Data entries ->
-----
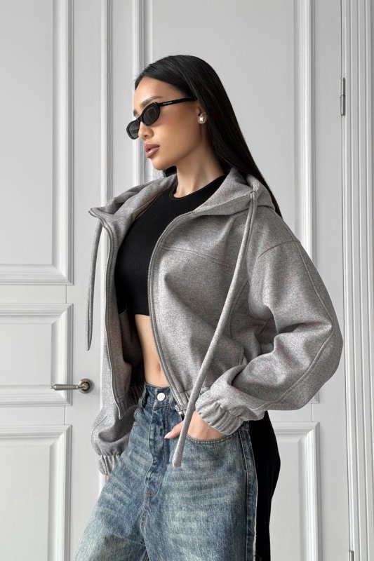 Укорочений куртка бомбер - основа сучасного стрітстайлу. Трендова модель бомберу з заниженою лінією плечей та капюшоном, який переходить у комір – стійку. По низу бомберу широка резинка. Доповнюють модель два зручних кармани по переду.
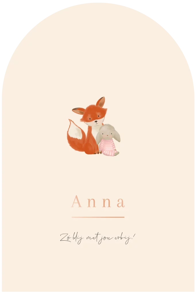 Lief dieren geboortekaartje met originele boogvorm. Een schattige illustratie van een vosje met een konijntje op een beige achtergrond. De naam is uitgevoerd in roséfolie. Via de editor kun je het ontwerp en de kleuren eenvoudig aanpassen. - Anna -
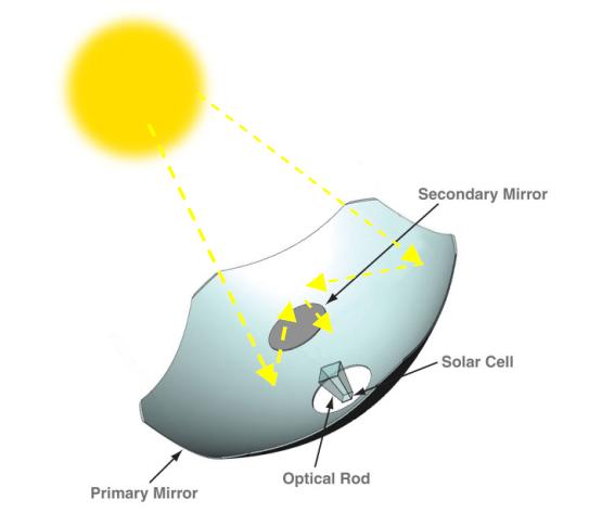 La capture du rayonnement et sa focalisation va se faire avec des rendements médiocres par unité de surface de module et le rendement de conversion pratique par module va fortement décroître. L’allemand Concentrix Solar revendique un rendement de 27,2% alors que la californienne SolFocus revendique un rendement de 25%. Le premier utilise des lentilles de Fresnel (FIG du bas) pour focaliser les rayons, la deuxième utilise deux miroirs (FIG.) qui utilisent de façon incomplète toute la surface du module.
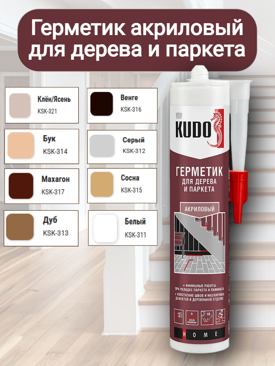 Купить Герметик для дерева паркетный Махагон 280мл kudo
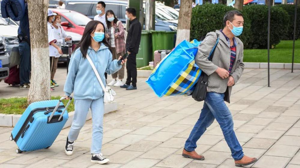 他们拖着行李、背着背包
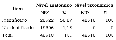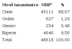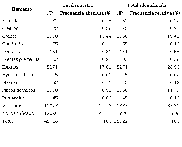 Se debe tener presente que el nivel de resolución taxonómica de la muestra es variable. El 88,7 % del total de restos de peces solo pudo ser identificado a nivel de clase (Osteichthyes: peces óseos) pues se trata de restos altamente fragmentados, cuyos rasgos diagnósticos no pudieron ser distinguidos con mayor especificidad. Dentro de esta parte de la muestra también se encuentra un gran número de vértebras y espinas, las cuales, pese a estar en su mayoría completas y ser fácilmente identificadas a nivel anatómico, presentan pocas características que permitan asignarlas a categorías taxonómicas más precisas. El resto de la muestra se distribuye de la siguiente manera: 9,6 % fue identificado a nivel de especie, 1,29 % a nivel de orden y 0,48 % a nivel de género (tabla 3).
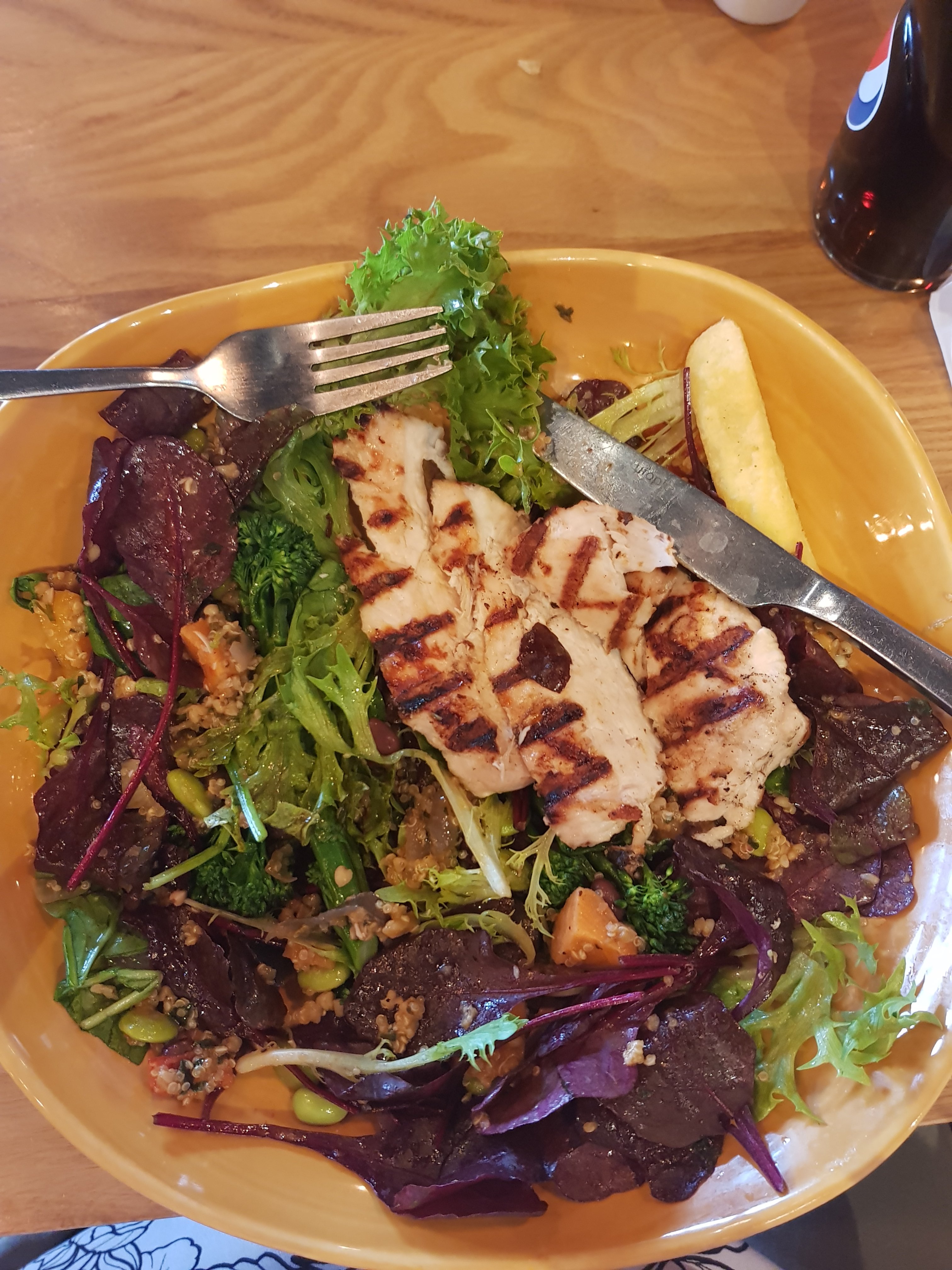 Lunch, salad bowl (pineapple, olives, raisins, couscous, pasta) chicken salad, (menu states salad is 400 calories) plus 1 chip and Pepsi max. I really enjoyed my salad. There was not a single ounce of remorse as my family tucked into their meals and I crunched down on salad 😊
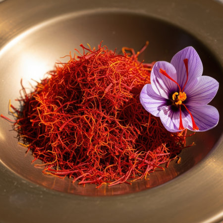 Dried saffron threads on a golden plate
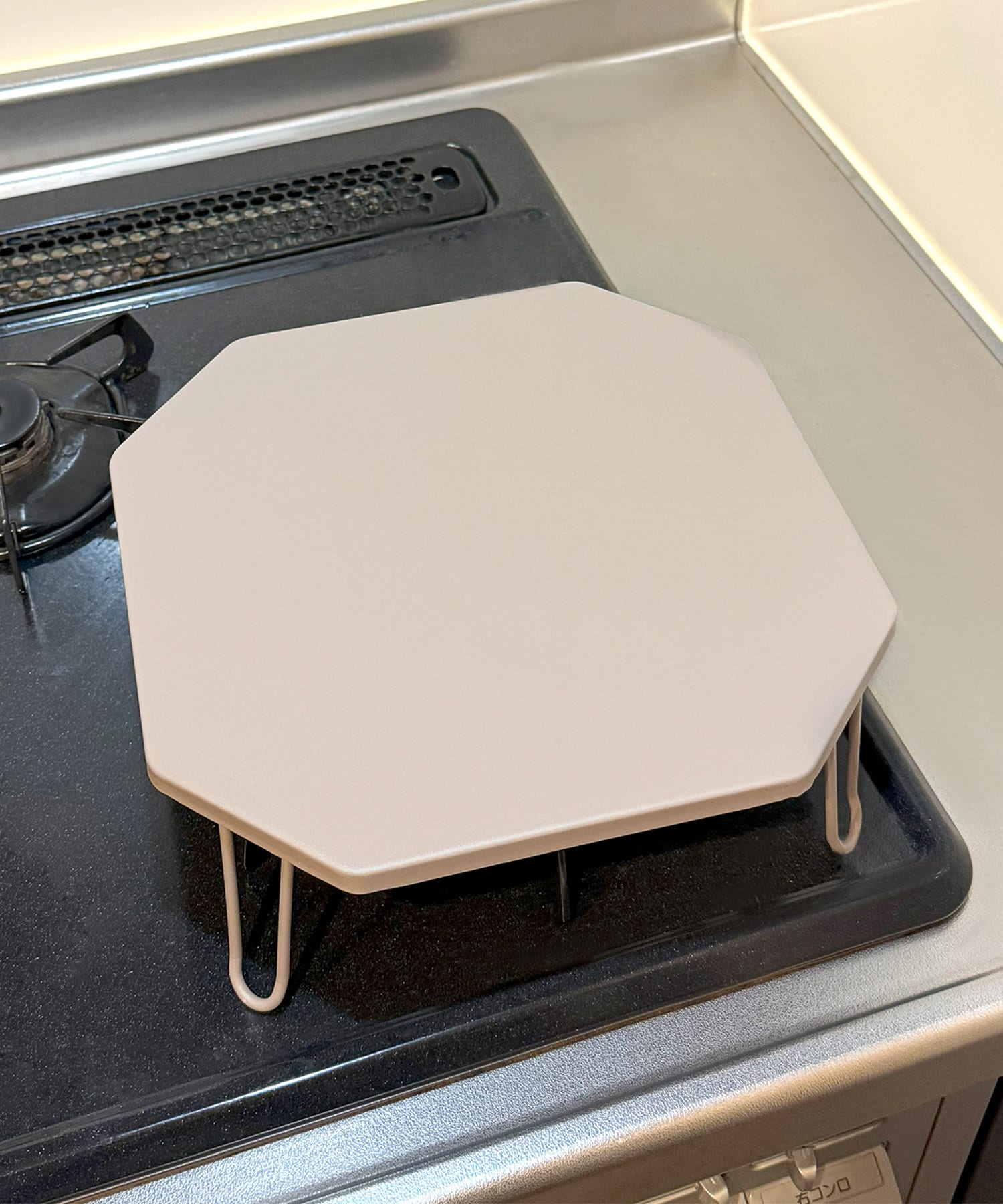 購入場所:店舗アパートのせまい台所を有効活用したく、一口コンロの上にフタのようなものができたらとネットで色々探していましたが、高いなぁと思っていたらスリコで発見!足がたためるしとても便利に使っています!
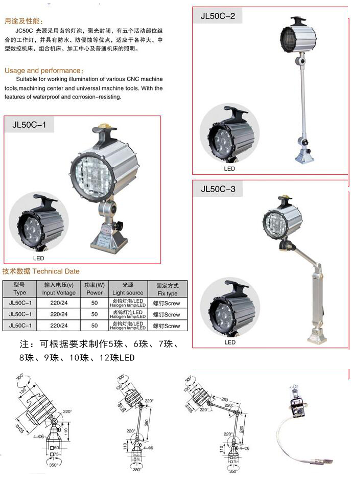 產(chǎn)品名稱:JL50C鹵鎢泡/LED工作燈
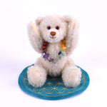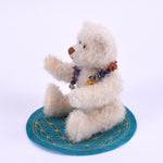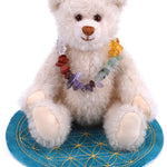 Yogini ist ein 17cm großes Bärchen aus weißem Mohair, das mit seinem lieben Lächeln Gelassenheit ausstrahlt. Um den Hals trägt es als Kette ein Chakraarmband in 7 verschiedenen Farben. Die Trommelsteinchen sind zwischen 7-9 mm groß. Jedem Chakra wird ein Stein zugeordnet: Kronenchakra-Bergkristall, Stirnchakra-Amethyst, Halschakra-Sodalith, Herzchakra-Grüner Aventurin, Solarplexuschakra-Citrin, Sakralchakra-Karneol, Wurzelchakra-Granat.
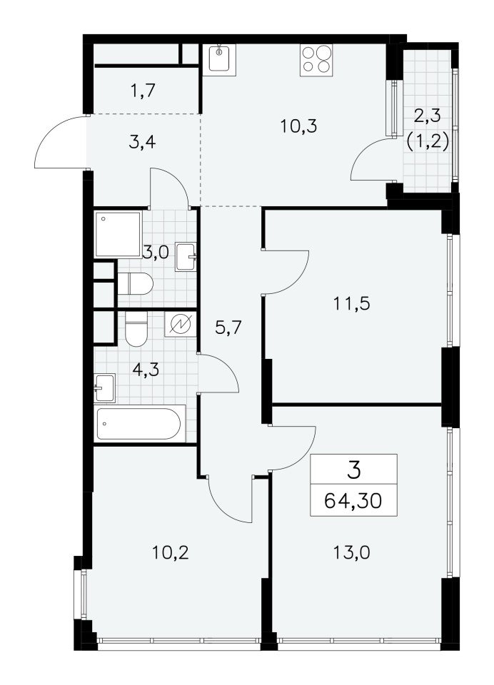 Купить новую трехкомнатную квартиру 64.3 м² на 30/30 этаже в ЖК «Южные сады», г. Тюмень за 25410717 ₽ | Агентство недвижимости «Вплюсе.Топ» — Агентство недвижимости "Вплюсе.Топ"
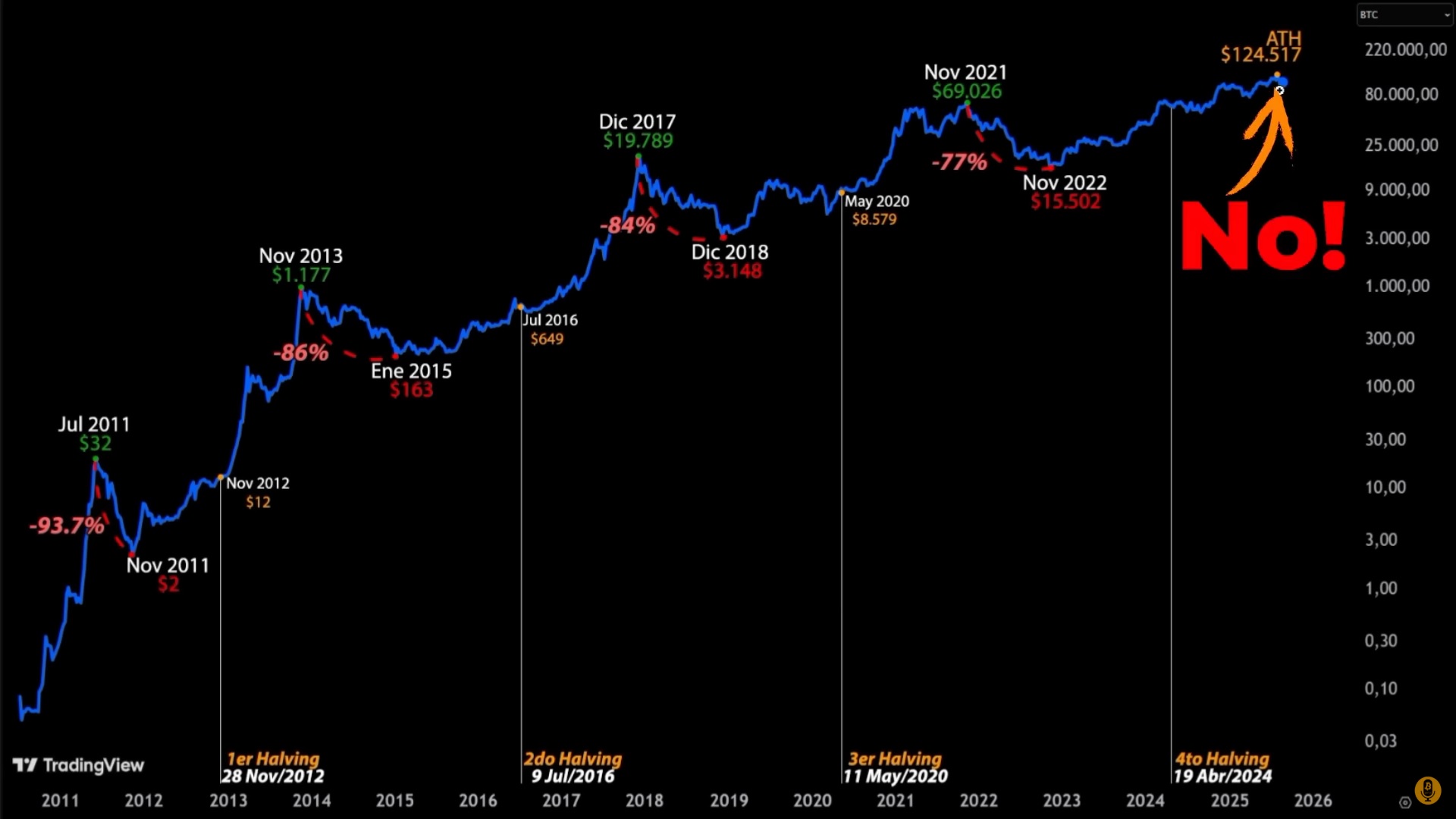 Para reforzar esa idea, compara datos históricos que muestran que, tras el máximo de 1.163 dólares en 2013, el precio cayó un 67% en cuatro semanas. En 2017, el retroceso fue de 20.000 a 11.160 dólares, una pérdida del 43% en el mismo periodo. Y en 2021, bitcoin pasó de 69.000 a 41.968 dólares, una corrección del 39%.
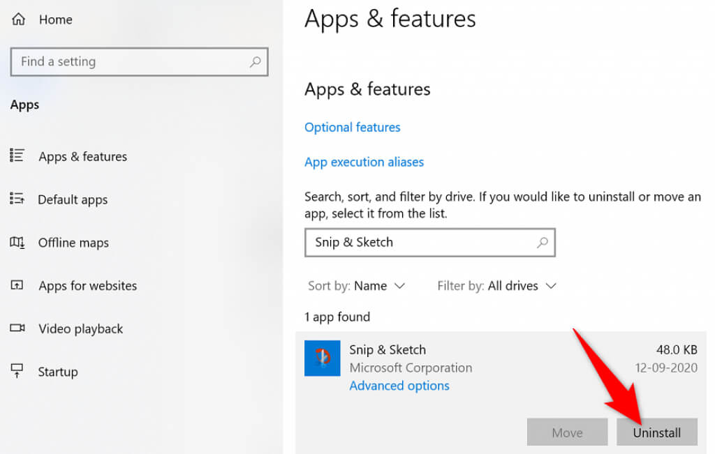 - Find and select Snip & Sketch on the app list. Then, choose the Uninstall button.
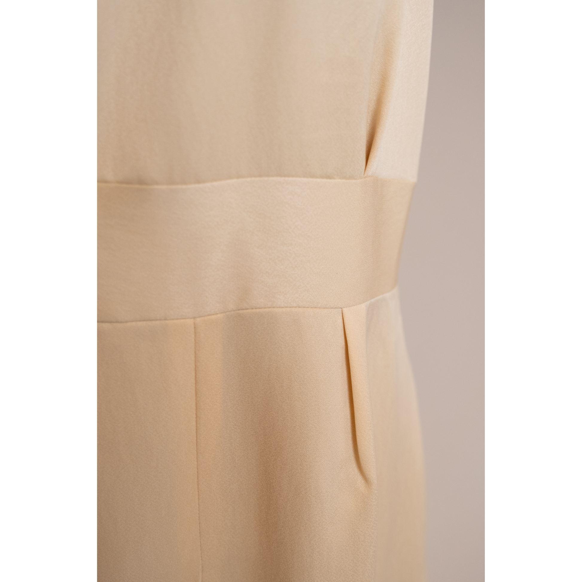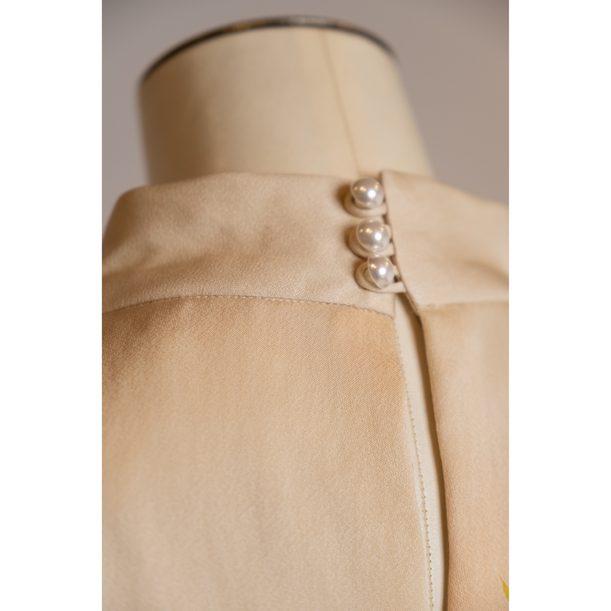 Profitez de l'allure exquise de cette robe dos nu mi-longue en soie, méticuleusement confectionnée à partir d'un authentique kimono recyclé qui ornait auparavant la précieuse Geiko d'Umeno. Une délicate fermeture à boutons en perles orne le décolleté, accentuant le design gracieux du dos nu, tandis qu'une séduisante fente au dos ajoute une touche d'intrigue. La robe est soigneusement finie avec une fermeture éclair latérale discrète pour un port sans effort.
-----
Work order ->
When you reproduce the data shown above, keep each line exact and omit every picture.

Your response ->
 Укорочений куртка бомбер - основа сучасного стрітстайлу. Трендова модель бомберу з заниженою лінією плечей та капюшоном, який переходить у комір – стійку. По низу бомберу широка резинка. Доповнюють модель два зручних кармани по переду.
 Lief dieren geboortekaartje met originele boogvorm. Een schattige illustratie van een vosje met een konijntje op een beige achtergrond. De naam is uitgevoerd in roséfolie. Via de editor kun je het ontwerp en de kleuren eenvoudig aanpassen. - Anna -
 La capture du rayonnement et sa focalisation va se faire avec des rendements médiocres par unité de surface de module et le rendement de conversion pratique par module va fortement décroître. L’allemand Concentrix Solar revendique un rendement de 27,2% alors que la californienne SolFocus revendique un rendement de 25%. Le premier utilise des lentilles de Fresnel (FIG du bas) pour focaliser les rayons, la deuxième utilise deux miroirs (FIG.) qui utilisent de façon incomplète toute la surface du module.
 Купить Герметик для дерева паркетный Махагон 280мл kudo
 他们拖着行李、背着背包
 Se debe tener presente que el nivel de resolución taxonómica de la muestra es variable. El 88,7 % del total de restos de peces solo pudo ser identificado a nivel de clase (Osteichthyes: peces óseos) pues se trata de restos altamente fragmentados, cuyos rasgos diagnósticos no pudieron ser distinguidos con mayor especificidad. Dentro de esta parte de la muestra también se encuentra un gran número de vértebras y espinas, las cuales, pese a estar en su mayoría completas y ser fácilmente identificadas a nivel anatómico, presentan pocas características que permitan asignarlas a categorías taxonómicas más precisas. El resto de la muestra se distribuye de la siguiente manera: 9,6 % fue identificado a nivel de especie, 1,29 % a nivel de orden y 0,48 % a nivel de género (tabla 3).
 Lunch, salad bowl (pineapple, olives, raisins, couscous, pasta) chicken salad, (menu states salad is 400 calories) plus 1 chip and Pepsi max. I really enjoyed my salad. There was not a single ounce of remorse as my family tucked into their meals and I crunched down on salad 😊
 Dried saffron threads on a golden plate
 購入場所:店舗アパートのせまい台所を有効活用したく、一口コンロの上にフタのようなものができたらとネットで色々探していましたが、高いなぁと思っていたらスリコで発見!足がたためるしとても便利に使っています!
 產(chǎn)品名稱:JL50C鹵鎢泡/LED工作燈
 Yogini ist ein 17cm großes Bärchen aus weißem Mohair, das mit seinem lieben Lächeln Gelassenheit ausstrahlt. Um den Hals trägt es als Kette ein Chakraarmband in 7 verschiedenen Farben. Die Trommelsteinchen sind zwischen 7-9 mm groß. Jedem Chakra wird ein Stein zugeordnet: Kronenchakra-Bergkristall, Stirnchakra-Amethyst, Halschakra-Sodalith, Herzchakra-Grüner Aventurin, Solarplexuschakra-Citrin, Sakralchakra-Karneol, Wurzelchakra-Granat.
 Купить новую трехкомнатную квартиру 64.3 м² на 30/30 этаже в ЖК «Южные сады», г. Тюмень за 25410717 ₽ | Агентство недвижимости «Вплюсе.Топ» — Агентство недвижимости "Вплюсе.Топ"
 Para reforzar esa idea, compara datos históricos que muestran que, tras el máximo de 1.163 dólares en 2013, el precio cayó un 67% en cuatro semanas. En 2017, el retroceso fue de 20.000 a 11.160 dólares, una pérdida del 43% en el mismo periodo. Y en 2021, bitcoin pasó de 69.000 a 41.968 dólares, una corrección del 39%.
 - Find and select Snip & Sketch on the app list. Then, choose the Uninstall button.
 Profitez de l'allure exquise de cette robe dos nu mi-longue en soie, méticuleusement confectionnée à partir d'un authentique kimono recyclé qui ornait auparavant la précieuse Geiko d'Umeno. Une délicate fermeture à boutons en perles orne le décolleté, accentuant le design gracieux du dos nu, tandis qu'une séduisante fente au dos ajoute une touche d'intrigue. La robe est soigneusement finie avec une fermeture éclair latérale discrète pour un port sans effort.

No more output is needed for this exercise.